Data excerpt:
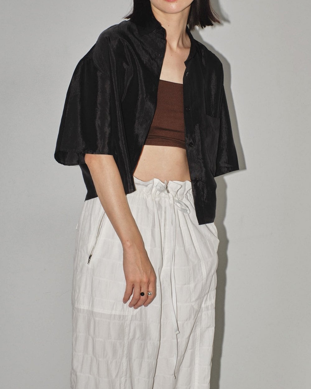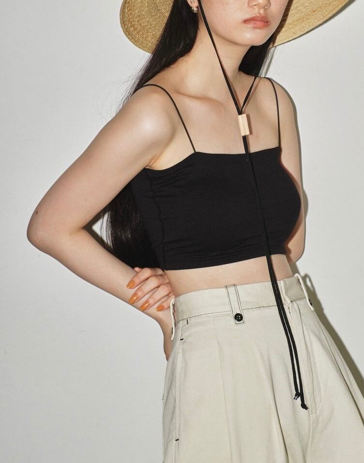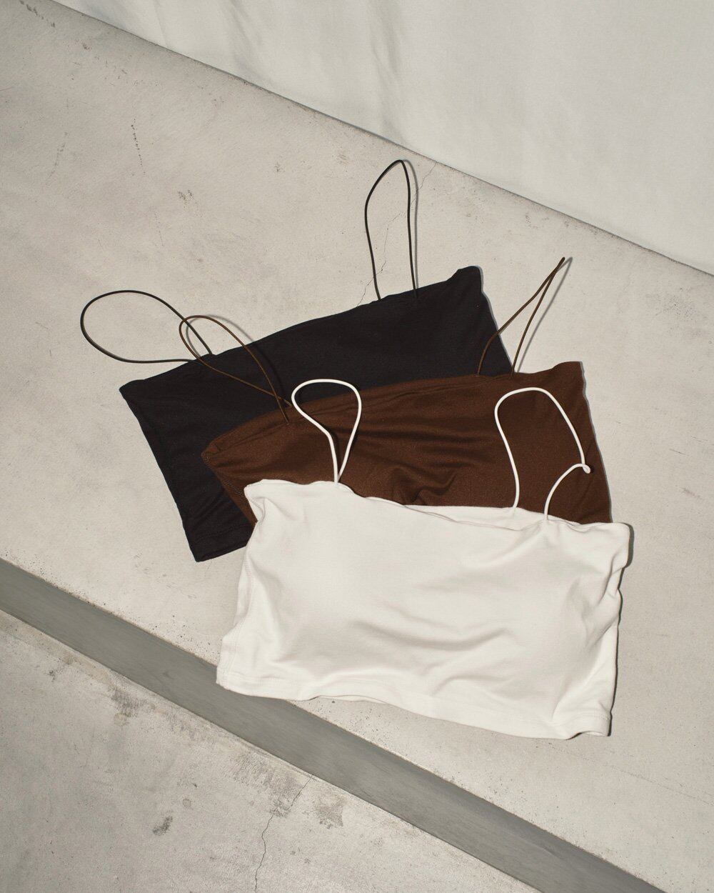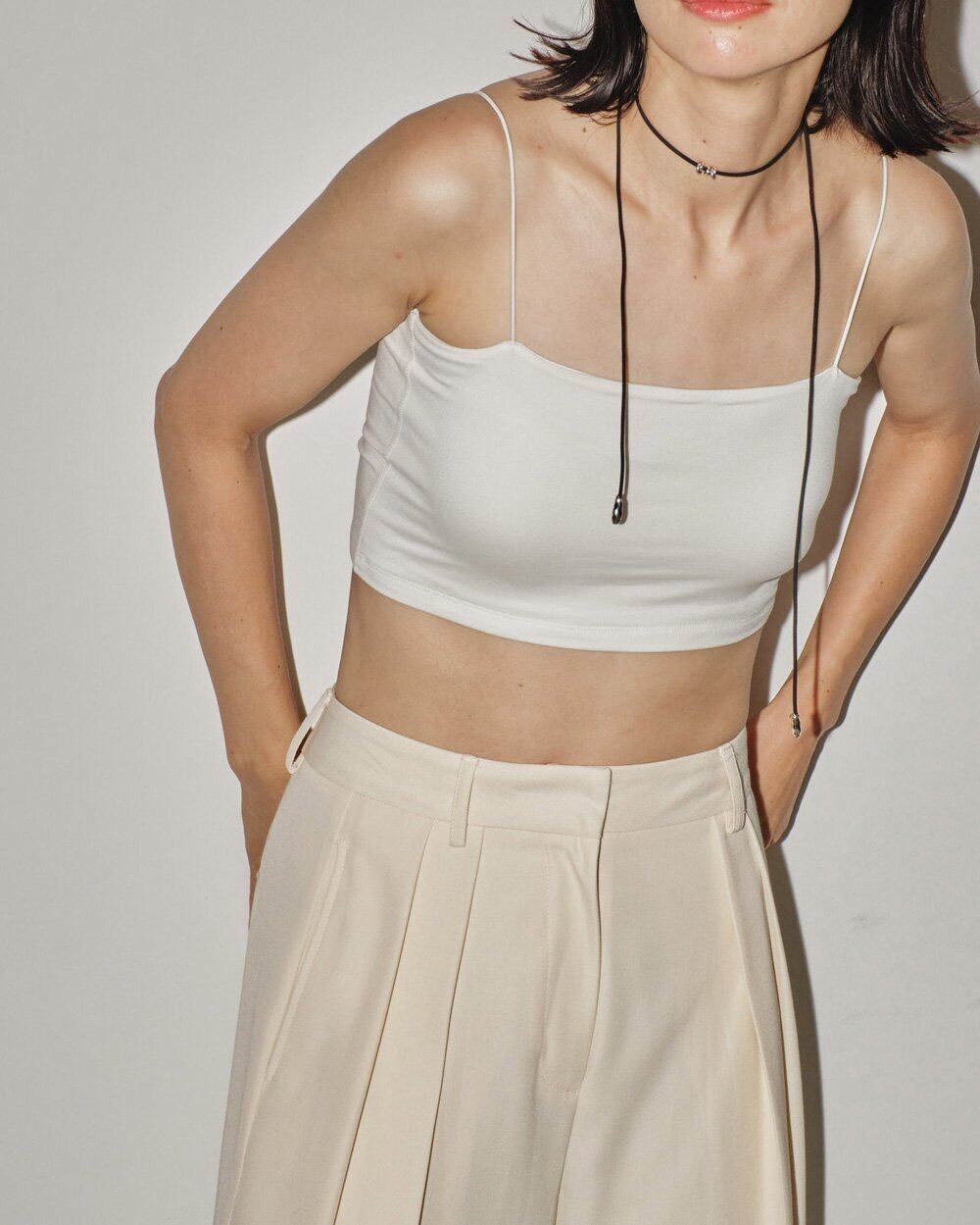 上品な光沢があり肌触りのいいカットソー生地を使用したブラトップ。トップスにラインが響きにくく、すっきりとしたシルエットが魅力の一枚。華奢なストラップと直線的なネックラインがヘルシーな印象に。透け感のあるトップスや背中のあいたワンピースなどのインナーにおすすめです。パットは縫い付けてあります。
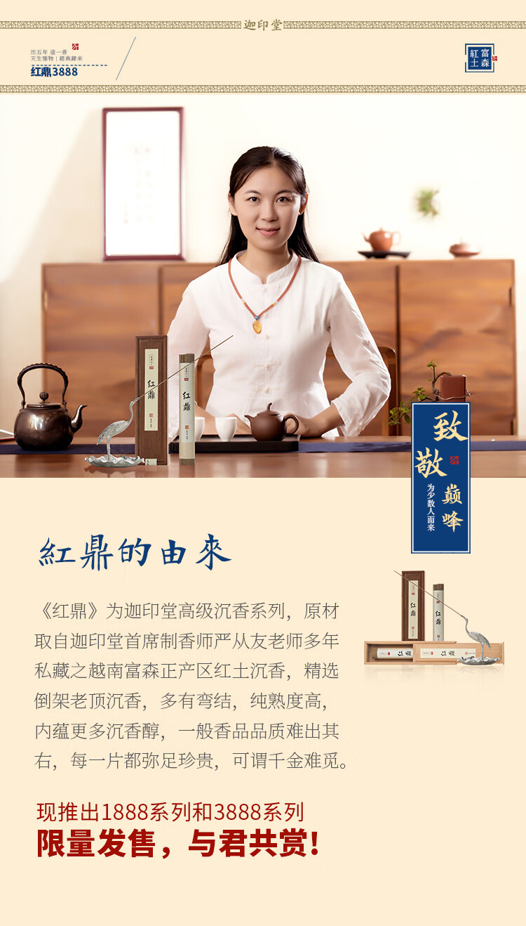 迦印堂 沉香线香 天然 熏香礼盒香 红鼎3888
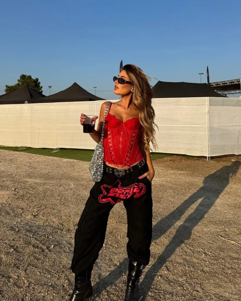 Obsessed with this edgy combo: a fire-engine red corset top paired with black graphic cargo pants. Add a studded belt and black chunky boots and you’re ready to take on any concert with serious style attitude!
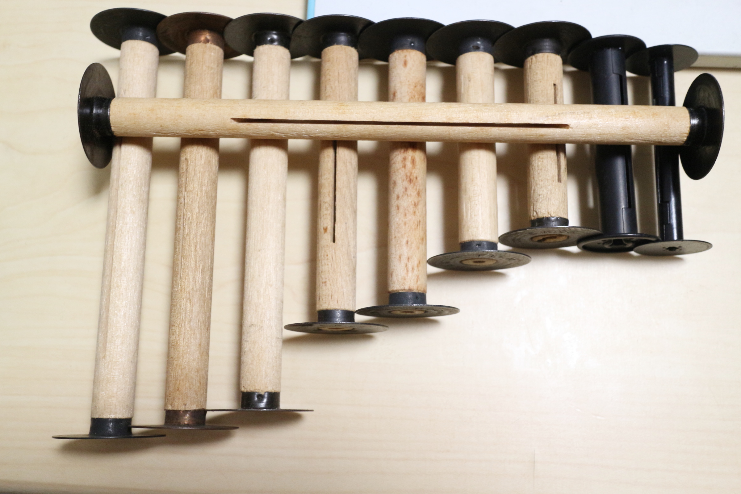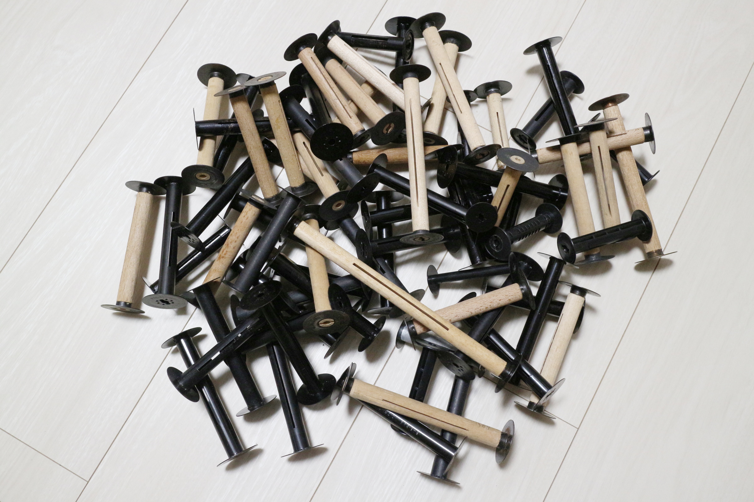 Lots of old film spools. Including shipping, it cost 13,000 yen. (about $90). I checked 10 different types, varying in shaft length, thickness, and flange diameter.

What to work on: The lines from the beginning of the listing above through the line holding "迦印堂 沉香线香 天然 熏香礼盒香 红鼎3888" are to be duplicated exactly, and the pictures omitted.

Response to this task:
 上品な光沢があり肌触りのいいカットソー生地を使用したブラトップ。トップスにラインが響きにくく、すっきりとしたシルエットが魅力の一枚。華奢なストラップと直線的なネックラインがヘルシーな印象に。透け感のあるトップスや背中のあいたワンピースなどのインナーにおすすめです。パットは縫い付けてあります。
 迦印堂 沉香线香 天然 熏香礼盒香 红鼎3888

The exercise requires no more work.